Pastoralia made me think of Charles Portis’ The Dog of the South, but on speed. Both focus on specimens of society gone wrong, or simply bumping along the bottom, but with hope still not extinguished. George Saunders’ characters reflect at their sort at 100mph, while Charles Portis’ are more slow-motion car crashes. Both make heroes from the underdog and those (almost) trodden underfoot.
To give you an introduction without spoiling the plot:
Pastoralia is about a man and a woman acting as cavemen/women in a modern zoo, while real world pressures bear down on them from the outside. Imagine that this is your job and your life depended on it;
Winky is a weak little man taking a self-assertion course to deal with a dear challenge in his life;
Sea Oak focuses on a male club stripper trying to drum up funds for his family stuck in misery. Things go wrong, then very very strange;
The End of Firpo in the World is about a boy on a bicycle travelling just as fast in his mind as on his out-of-control bike.
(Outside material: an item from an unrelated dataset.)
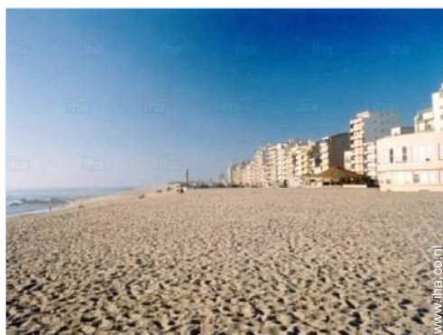
strandrecreatie in de buurt

Overdekte parkeerplaats : 1 individueel gesloten. Niet overdekte parkeerplaats

The Barber’s Unhappiness deals with power, love & lust, social perception and critical self-deception, and self-destructive criticism.
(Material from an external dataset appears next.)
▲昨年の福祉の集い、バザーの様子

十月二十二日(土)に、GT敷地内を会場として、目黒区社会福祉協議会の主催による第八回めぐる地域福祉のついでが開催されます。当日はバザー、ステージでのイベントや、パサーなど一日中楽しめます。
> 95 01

The Falls is about watery ends and a little bit of hope, maybe.
These are recounted at super high-speed language, with huge sentences where the reader dances from despair, to hope, to judgement of others, to self-criticism, to self-embellishment, to honour and loyalty, to betrayal, and back. The commas are little stepping stones for readers to jump left, right and on.
So, for writers looking for tools of the craft – look at the voice, the voices of his characters. All of them are so real, they could be alive in grotty parts of your city, fighting to make ends meet, to realise the dreams despite all. Some of the voices might aggress you, render you nervous, but all are worth listening to and learning from.
And, look at George Saunders’ self-asserted freedom of language, allowing himself labyrinthine sentences that sing, grammatical errors that are just right for the voices he shares. When one is a master of language, one can write one’s own rules.